INPUT DATA below:

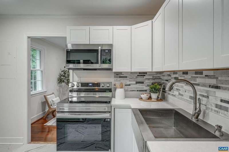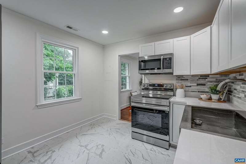 Completely renovated inside with new modern HVAC, new Tankless Hot Water Heater, new Kitchen, New Bathroom, new windows, new drywall and refinished floors! Charming city cottage has been totally updated! This adorable home tucked off of Rugby Road is surrounded by mature trees, with a newly landscaped and seeded yard. Inside, the cozy living room opens to the remodeled kitchen with quartz countertops, tile backsplash, white cabinets, and stainless steel appliances. Everything is brand new! Two bedrooms share a full hall bathroom with new tiled floor and shower, new plumbing and a high-end washer/dryer combo hidden behind the sliding barn door! A flexible room next to the kitchen can be a home office, dining room or third bedroom. New tankless hot water heater for instant hot water too! Enjoy the beautiful landscaping around the patio at the rear of the home. Don't miss your chance at this city charmer!,Quartz Counter,White Cabinets
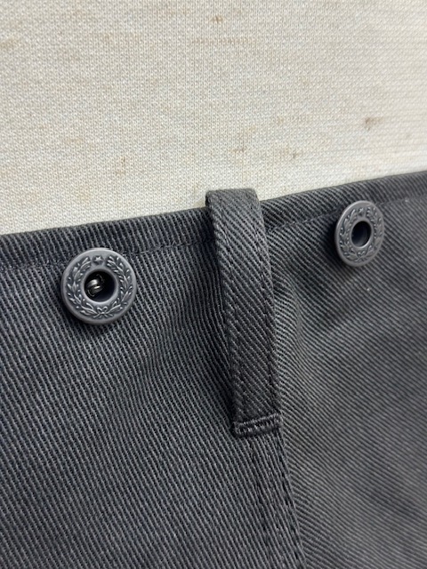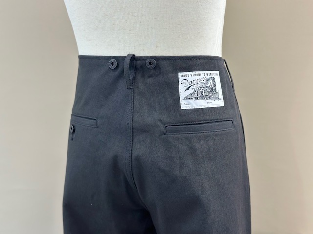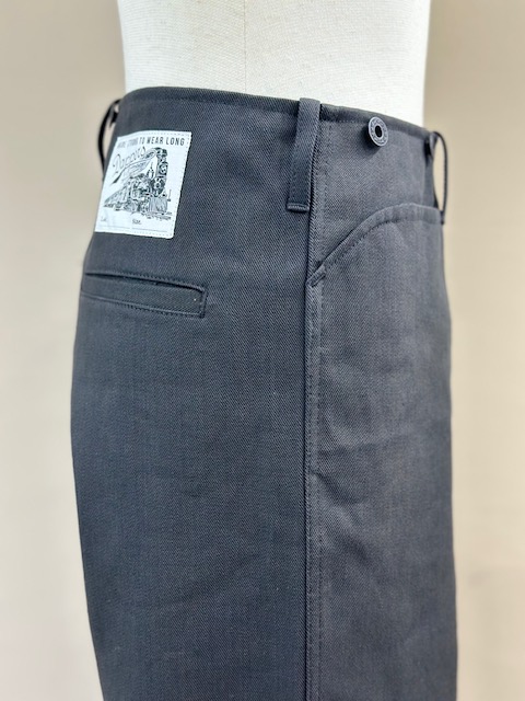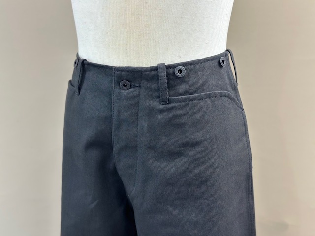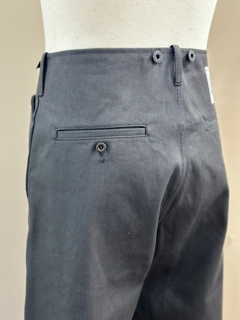 5本ベルトループや月桂樹ボタン、コインポケット省略など簡素化されたディテールが特徴的な一着。
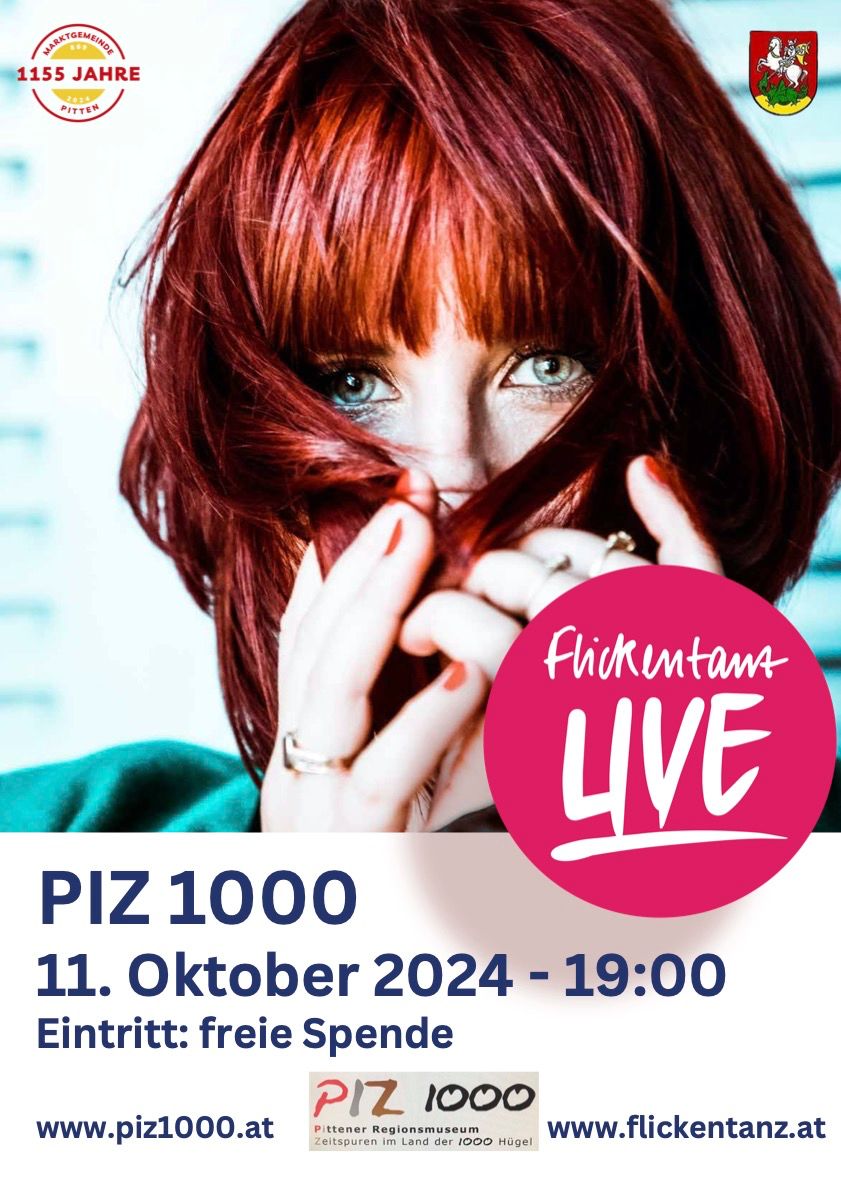 Daniela Flickentanz, die Sängerin und Liedermacherin mit Payerbacher Wurzeln, singt von Herz zu Herz auf ihrer gleichnamigen Tour und berührt mit intensiven und starken Botschaften am kommenden Freitag, 11. Oktober, auf pure und innige Weise im PiZ1000 in Pitten. Eintritt: freie Spenden. Beginn: 19.00 Uhr.
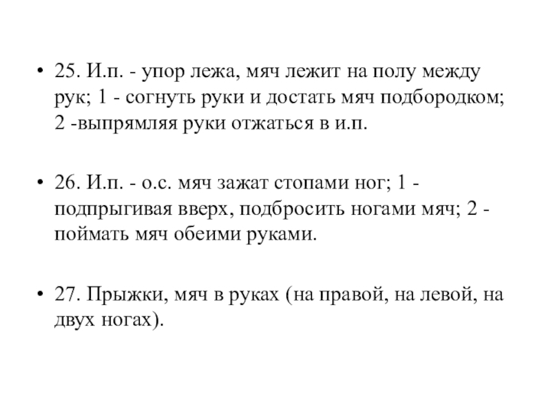 Слайд 1025. И.п. - упор лежа, мяч лежит на полу между рук;
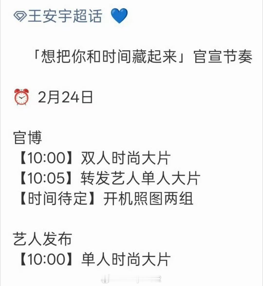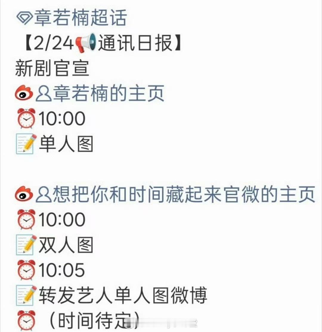 章若楠、王安宇《想把你和时间藏起来》明日官宣,看单人官宣时间一致,应该是平番吧
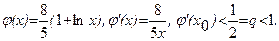 Следствие 1. Если требуется найти корень с точностью ε, то кончаем итерационный процесс тогда, когда Следствие 2. Так как Теорема 2. Если Привести уравнение f(x)=0 к виду x=φ(x) таким образом, чтобы получить сходящийся итерационный процесс, можно различными способами. Рассмотрим два из них: 1) уравнение f(x)=0 равносильно при λ≠0 уравнению λf(x)=0 и уравнению x= λf(x)+x. Обозначим λf(x)+x через φ(x), получим x= φ(x). Параметр λ подберем так, чтобы функция φ'(x)= λf'(x)+1 на [a, b] была по модулю меньше единицы. 2) если Пример. Методом итерации найти корень уравнения 5x-8lnx=8 с точностью 0,01. Решение. Запишем уравнение в виде

End of INPUT DATA.

#### [EXERCISE AIM]
Please restate the lines above exactly, starting at the first line of the data and stopping at the line containing "章若楠、王安宇《想把你和时间藏起来》明日官宣,看单人官宣时间一致,应该是平番吧", which is included. Omit pictures.

#### [ANSWER SPACE]
 Completely renovated inside with new modern HVAC, new Tankless Hot Water Heater, new Kitchen, New Bathroom, new windows, new drywall and refinished floors! Charming city cottage has been totally updated! This adorable home tucked off of Rugby Road is surrounded by mature trees, with a newly landscaped and seeded yard. Inside, the cozy living room opens to the remodeled kitchen with quartz countertops, tile backsplash, white cabinets, and stainless steel appliances. Everything is brand new! Two bedrooms share a full hall bathroom with new tiled floor and shower, new plumbing and a high-end washer/dryer combo hidden behind the sliding barn door! A flexible room next to the kitchen can be a home office, dining room or third bedroom. New tankless hot water heater for instant hot water too! Enjoy the beautiful landscaping around the patio at the rear of the home. Don't miss your chance at this city charmer!,Quartz Counter,White Cabinets
 5本ベルトループや月桂樹ボタン、コインポケット省略など簡素化されたディテールが特徴的な一着。
 Daniela Flickentanz, die Sängerin und Liedermacherin mit Payerbacher Wurzeln, singt von Herz zu Herz auf ihrer gleichnamigen Tour und berührt mit intensiven und starken Botschaften am kommenden Freitag, 11. Oktober, auf pure und innige Weise im PiZ1000 in Pitten. Eintritt: freie Spenden. Beginn: 19.00 Uhr.
 Слайд 1025. И.п. - упор лежа, мяч лежит на полу между рук;
 章若楠、王安宇《想把你和时间藏起来》明日官宣,看单人官宣时间一致,应该是平番吧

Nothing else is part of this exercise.